Dr Magda Osman, Senior Lecturer in Experimental Cognitive Psychology explores the research behind behavioural economics and looks at its relationship with advertising
Following the publication of Richard Thaler and Cass Sunstein’s persuasive book “Nudge”, nudges have become a popular tool in many fields from tax collection to public health and not least among advertisers, but a thorough review of existing research suggests that the evidence that the concept is based on flimsy evidence at best.
Nudge is all around us now, encouraging us to improve our health through fitness trackers, reduce our fuel consumption through energy monitors, discouraging theft through pictures of police officers and reminding us to pay fines through text messages. There’s a common misunderstanding about what a nudge actually is, to the point that virtually anything can count as a nudge. Nudges aren’t designed to build on our competencies – they operate to correct failings in self-control. Nudges also aren’t designed to make us consume things that are bad for our personal health and wellbeing, this is key.
The idea goes something like this - changing the way information in a decision-making situation is presented makes particular lifestyle option more attractive or easier to choose but without changing the underlying pricing structure. That is, nudges don’t coerce people into going for a better lifestyle option because there is a better financial incentive or disincentive behind it, or even some other ‘reward’. Instead they’re designed to work with the way we make decisions based solely on the attractiveness of the option on information grounds. Nudges are built on a prevalent theory in psychology; that people make decisions on the basis of two systems of thought - one conscious and the other unconscious - and that these systems are often in conflict.
For instance, while people consciously know that cigarettes are bad for them, and the warnings on the packets disgust them, they don’t tell them anything they didn’t already know, so they continue to smoke because their unconscious is strongly urging them to. The difficulty in changing behaviour like this is that people aren’t aware, or can’t control the underlying, unconscious urges.
The apparent elegance of nudge is to build on psychological research that provides insights into how these unconscious processes work and how they can be re-directed. Advertising has often worked on similar principles that are designed to attract attention towards a product by triggering unconscious mechanisms. Campaigns commonly target people’s emotional and social experiences – which are thought to have an unconscious basis to them. In addition, campaigns are concerned with what people value as a means to encourage them to habitually consume a particular product.

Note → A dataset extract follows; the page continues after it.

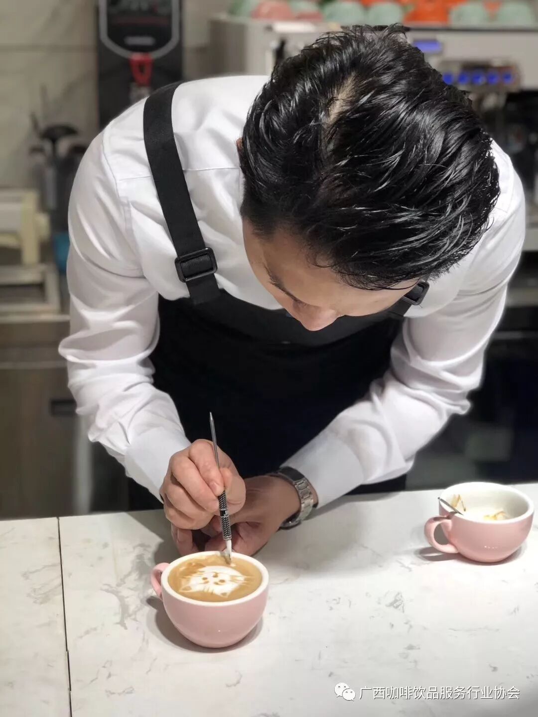 苏宁老师开始为大家展示花式拿铁,你可以跟他说自己想要的图案,他会如行云流水的熟练做出来。刘会长对我说“来,专门为你准备的,你挑挑要什么图案”,我说我就要一只小猫吧!苏宁老师颜值担当,让我有一种错觉是不是每个拉花的咖啡师都如此,或者说,你其实是在看一个认真专注的人,他身上散发着的职业的魅力。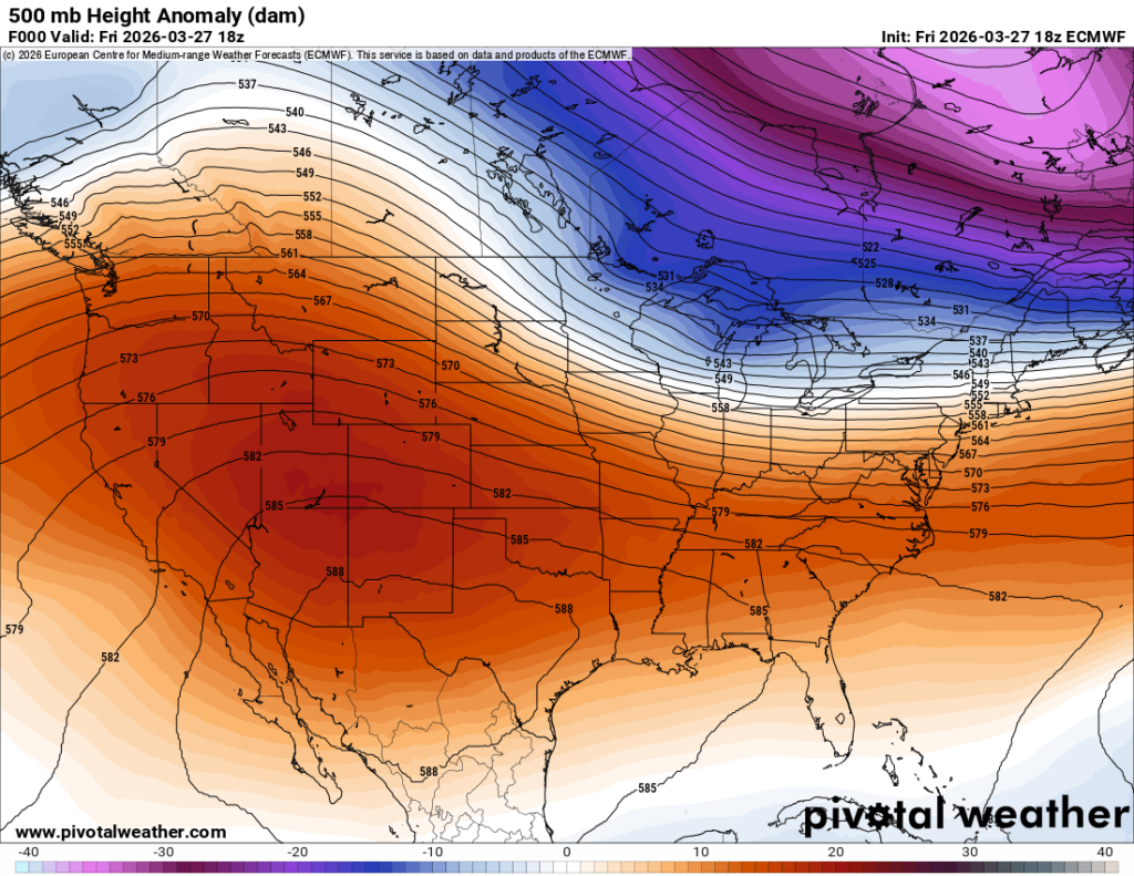 Current 500 mb Height Anomaly Map // Courtesy: Pivotal Weather

The attraction of nudge theory to advertisers is obvious, as it seems to back up what practitioners have believed for years, and so it has been widely championed in the industry. However, much of the empirical evidence that appears to show nudges works is unreliable and there have been substantial failures to replicate findings showing that nudges work. It suffers from the same issues that psychology faces in general when it comes to establishing unconscious processes, and the current debate that has been raging in psychology on the grounds that empirical evidence is unreliable is most prominent with regards to demonstrations of the unconscious. This puts doubt to the strength of the claim that our choices, good or bad, are fundamentally the result of unconscious processes.

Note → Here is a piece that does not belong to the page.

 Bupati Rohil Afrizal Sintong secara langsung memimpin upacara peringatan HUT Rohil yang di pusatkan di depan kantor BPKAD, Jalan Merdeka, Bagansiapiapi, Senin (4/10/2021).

Advances in understanding of the way we make decisions, including work from my own laboratory and what I discuss in my recent book “Future-minded”, would suggest two things that are helpful here. First, emotions are not separate from cognition, that is to say, emotions underpin every aspect of the decision-making process, and that there is no decision we make that is free from emotions. This is because emotions are appraisals; they signal the good and bad aspects of any decision-making situation at the point of planning the choice, implementing the choice, and evaluating the choice made. Therefore assuming that people make either rational decisions, or emotional decisions is a false dichotomy. So in order to better understand the consumer, it is better to consider how emotions are implicated in every aspect of the decision-making process, making the emotional experience a coherent one throughout.

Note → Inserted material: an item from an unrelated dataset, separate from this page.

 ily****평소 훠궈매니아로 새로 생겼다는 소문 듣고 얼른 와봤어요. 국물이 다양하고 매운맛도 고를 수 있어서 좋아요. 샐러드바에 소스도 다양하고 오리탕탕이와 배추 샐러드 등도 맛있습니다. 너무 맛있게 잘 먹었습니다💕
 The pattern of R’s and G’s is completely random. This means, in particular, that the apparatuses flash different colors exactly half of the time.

The second insight is that the decision-making process is a dynamic one, and the values people assign to options early on, during, and after a decision is made will differ. So, in order to more effectively target consumers, advertisers must focus on making the consumer experience a coherent one to minimize the changes that occur at each stage. This means aligning what the consumer cares about when they are about to make a choice, when they actually make the choice, and when they think over the choice they made when faced with making it again in the future. Simply trusting that people can be nudged by small unconscious decisions is not enough to change and sustain consumer behaviour over time, which would be the gold standard of any effective advertising campaign.